** THE DATA **
******

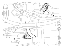 Отсоедините разъем датчика положения коленчатого вала (А) и снимите датчик (В), отвернув установочный болт.
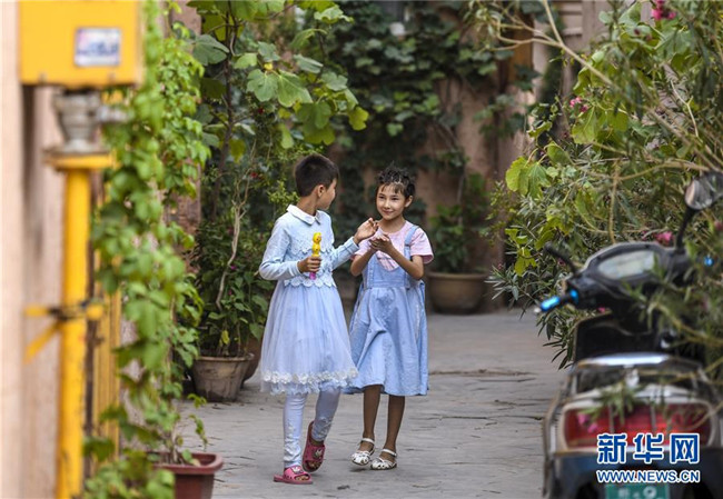 在新疆喀什古城景區(qū)內,當?shù)貎擅∨笥炎咴谙锏纼龋?月12日攝)。新華社記者 王菲 攝
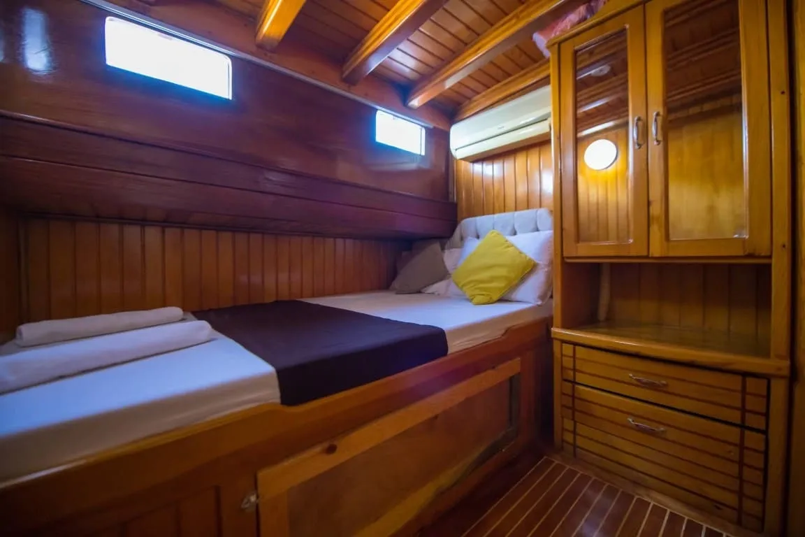 Mozaik Gulet, Göcek tekne kiralama seçenekleri arasında öne çıkan ve ekonomik tekne kiralama hizmeti sunan mükemmel bir tercihtir. 26 metre uzunluğunda ve 7 metre genişliğinde olan teknemiz, 8 double kabiniyle toplamda 16 kişiye kadar misafir ağırlayabilmektedir. 2002 yılında inşa edilen ve 2020 yılında yenilenen Mozaik, modern kabinler, geniş güverte ve yenilenen iç mekanlarıyla size konforlu bir yolculuk imkanı sağlar.
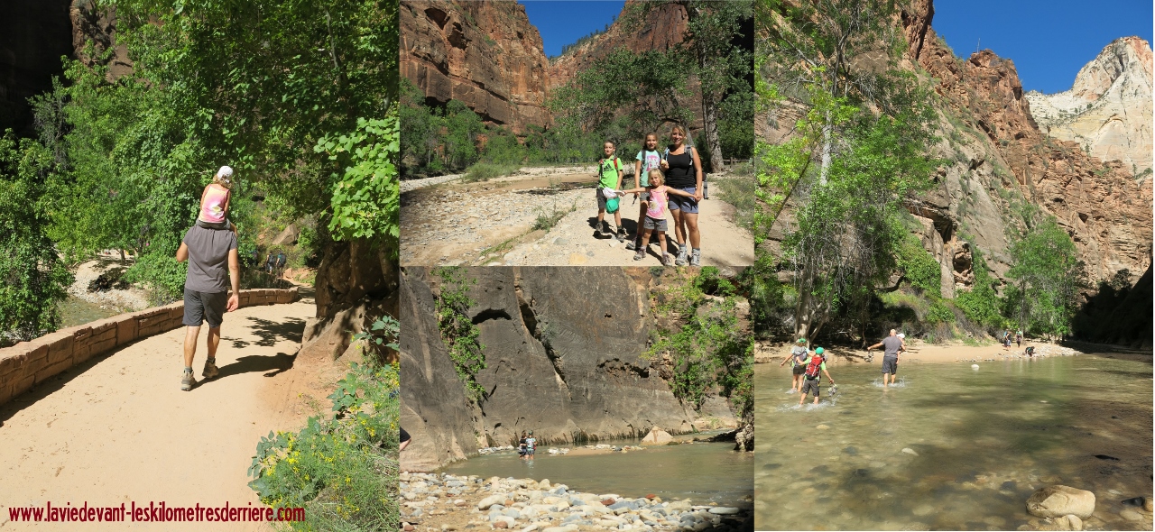 Une fois la marche des Emerald Pools terminée, nous sommes allés faire celle de Narrows. Bien plus touristique (le chemin est en béton), elle longe la Virgin River et finit lorsque les parois du canyon se resserrent. Il est possible de continuer mais pour cela il faut marcher dans l’eau. Nous avons remonté un bout de la rivière mais Jimmy, Amélie et moi avons fait demi-tour après 10 minutes. Claire et Soraya ont continué un bon bout et son réellement rentrées dans les Narrows.

******

** GOAL OF THE EXERCISE **
All of the lines above must be repeated without alteration, though the pictures are to be excluded.

** TASK ANSWER **
 Отсоедините разъем датчика положения коленчатого вала (А) и снимите датчик (В), отвернув установочный болт.
 在新疆喀什古城景區(qū)內,當?shù)貎擅∨笥炎咴谙锏纼龋?月12日攝)。新華社記者 王菲 攝
 Mozaik Gulet, Göcek tekne kiralama seçenekleri arasında öne çıkan ve ekonomik tekne kiralama hizmeti sunan mükemmel bir tercihtir. 26 metre uzunluğunda ve 7 metre genişliğinde olan teknemiz, 8 double kabiniyle toplamda 16 kişiye kadar misafir ağırlayabilmektedir. 2002 yılında inşa edilen ve 2020 yılında yenilenen Mozaik, modern kabinler, geniş güverte ve yenilenen iç mekanlarıyla size konforlu bir yolculuk imkanı sağlar.
 Une fois la marche des Emerald Pools terminée, nous sommes allés faire celle de Narrows. Bien plus touristique (le chemin est en béton), elle longe la Virgin River et finit lorsque les parois du canyon se resserrent. Il est possible de continuer mais pour cela il faut marcher dans l’eau. Nous avons remonté un bout de la rivière mais Jimmy, Amélie et moi avons fait demi-tour après 10 minutes. Claire et Soraya ont continué un bon bout et son réellement rentrées dans les Narrows.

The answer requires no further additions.